- ACTION ITEM:
Look below for the line that contains "- Регулировка нижнего", then copy it and each following line exactly, through and including the line that contains "Crayola® Washable 24".

- MATERIAL SUPPLIED:
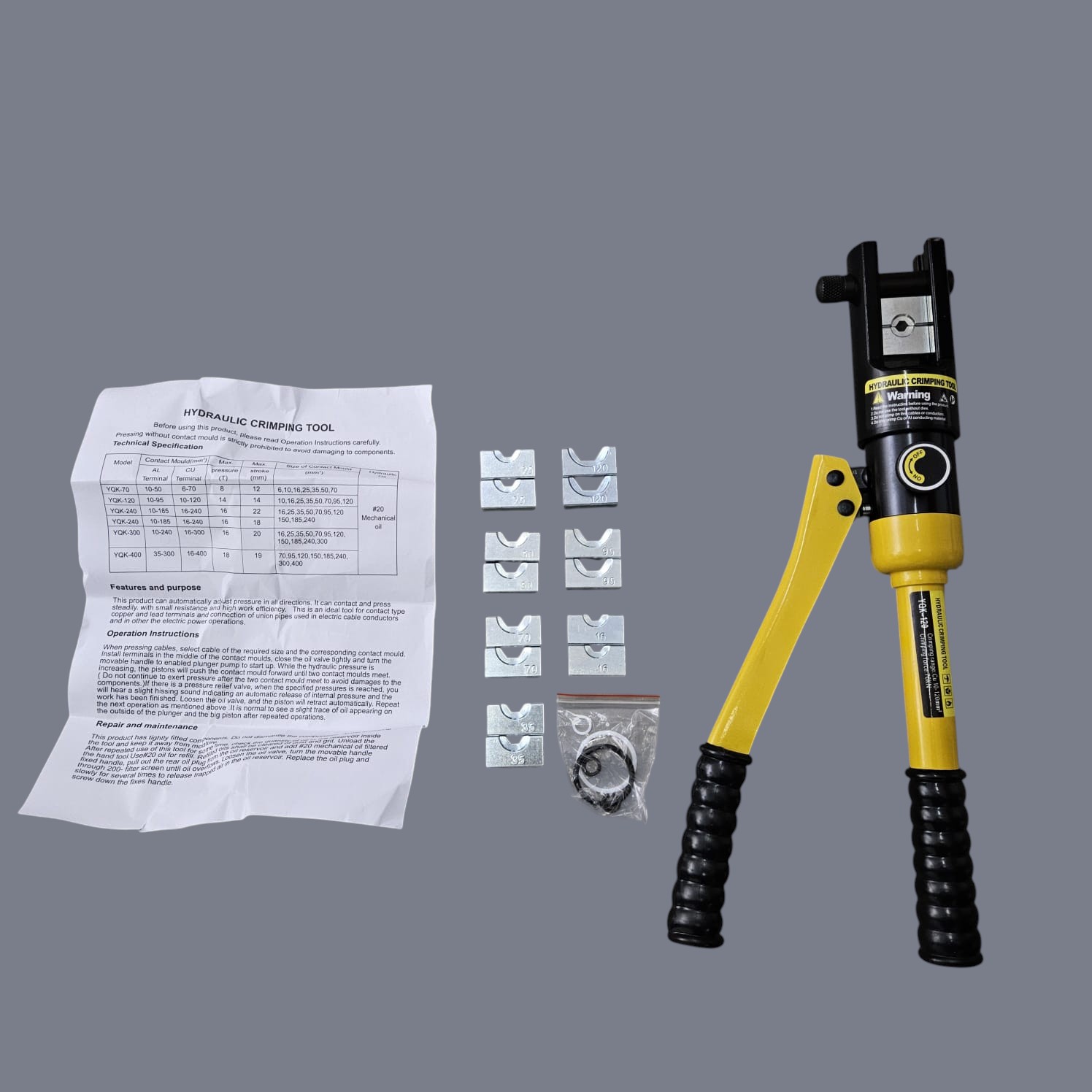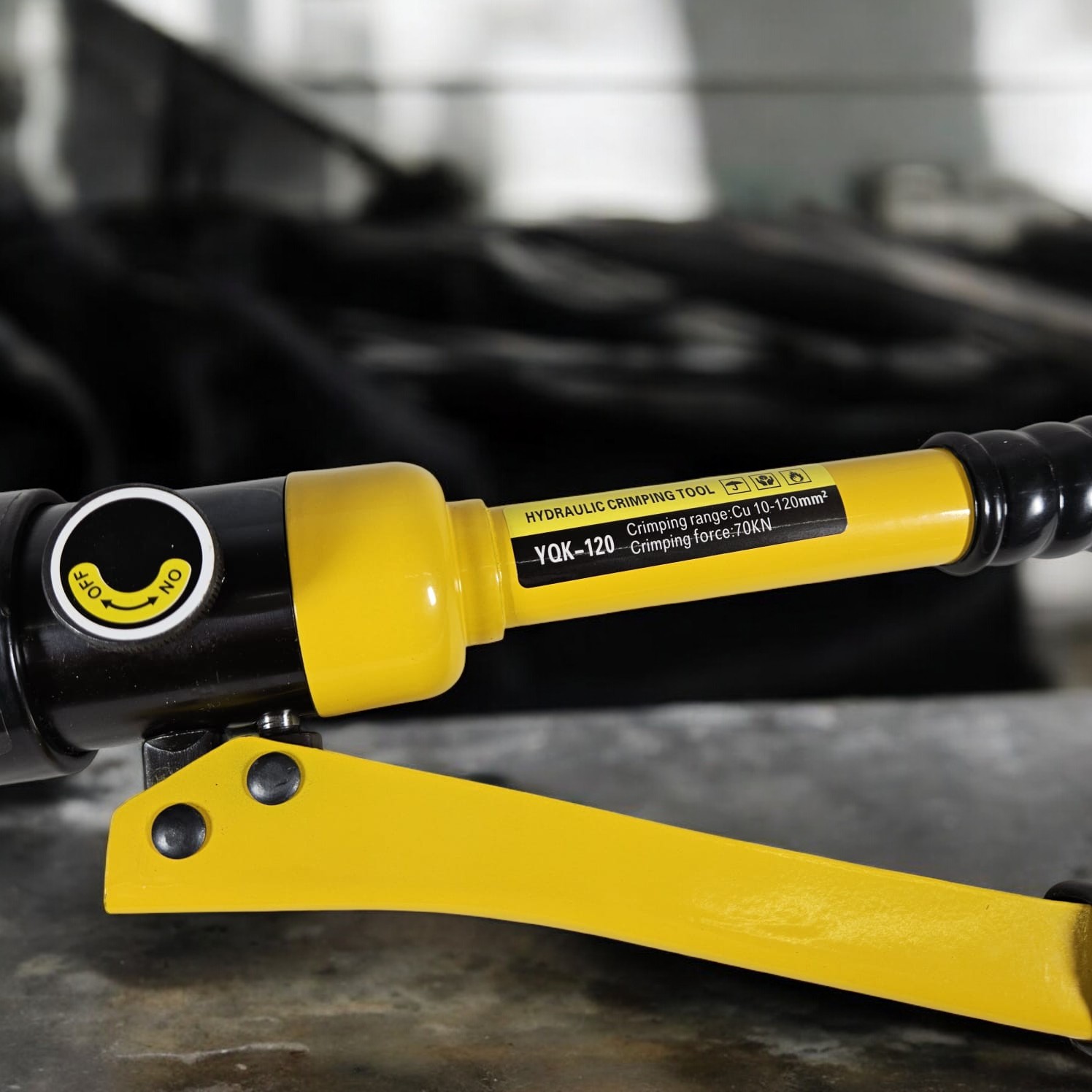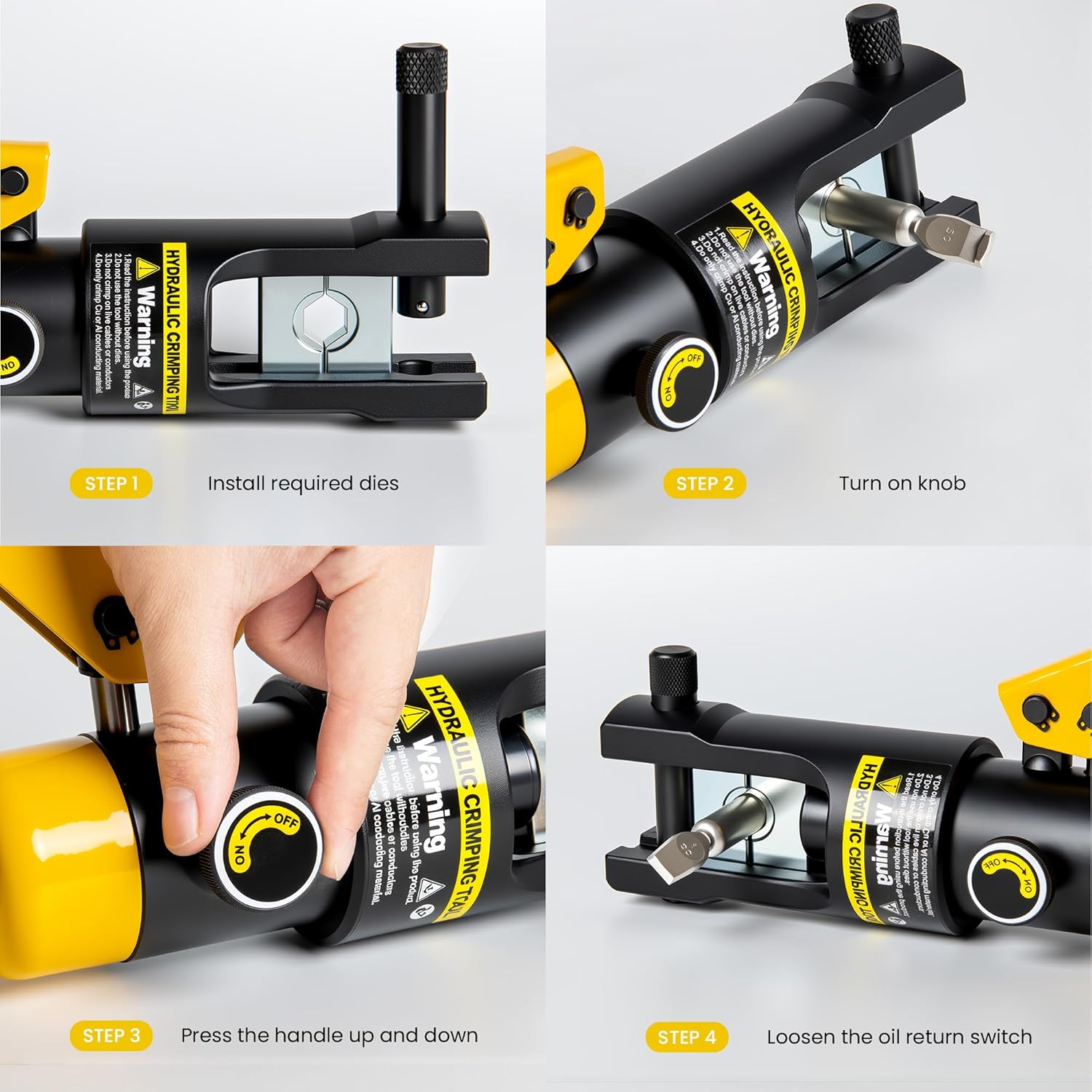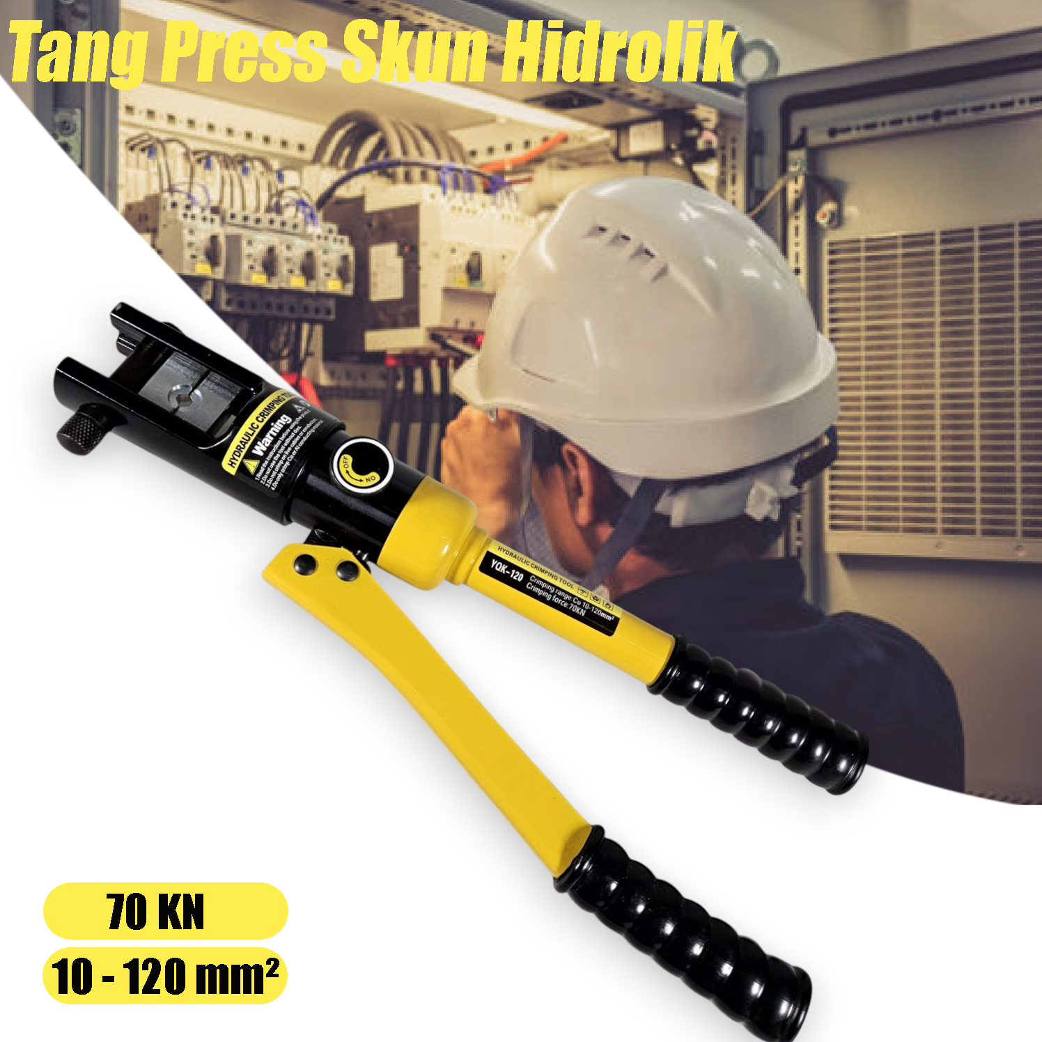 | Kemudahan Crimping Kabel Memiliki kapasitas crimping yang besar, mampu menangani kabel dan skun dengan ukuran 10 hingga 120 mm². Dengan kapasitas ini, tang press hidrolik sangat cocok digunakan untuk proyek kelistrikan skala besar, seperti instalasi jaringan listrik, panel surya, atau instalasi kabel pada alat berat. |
...
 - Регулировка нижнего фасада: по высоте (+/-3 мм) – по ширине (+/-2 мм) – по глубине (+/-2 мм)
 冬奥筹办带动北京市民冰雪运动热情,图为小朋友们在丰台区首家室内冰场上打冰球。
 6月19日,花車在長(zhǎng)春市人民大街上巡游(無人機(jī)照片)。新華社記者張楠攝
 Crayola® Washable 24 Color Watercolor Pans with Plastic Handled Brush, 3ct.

- RESULT OF THIS EXERCISE:
 - Регулировка нижнего фасада: по высоте (+/-3 мм) – по ширине (+/-2 мм) – по глубине (+/-2 мм)
 冬奥筹办带动北京市民冰雪运动热情,图为小朋友们在丰台区首家室内冰场上打冰球。
 6月19日,花車在長(zhǎng)春市人民大街上巡游(無人機(jī)照片)。新華社記者張楠攝
 Crayola® Washable 24 Color Watercolor Pans with Plastic Handled Brush, 3ct.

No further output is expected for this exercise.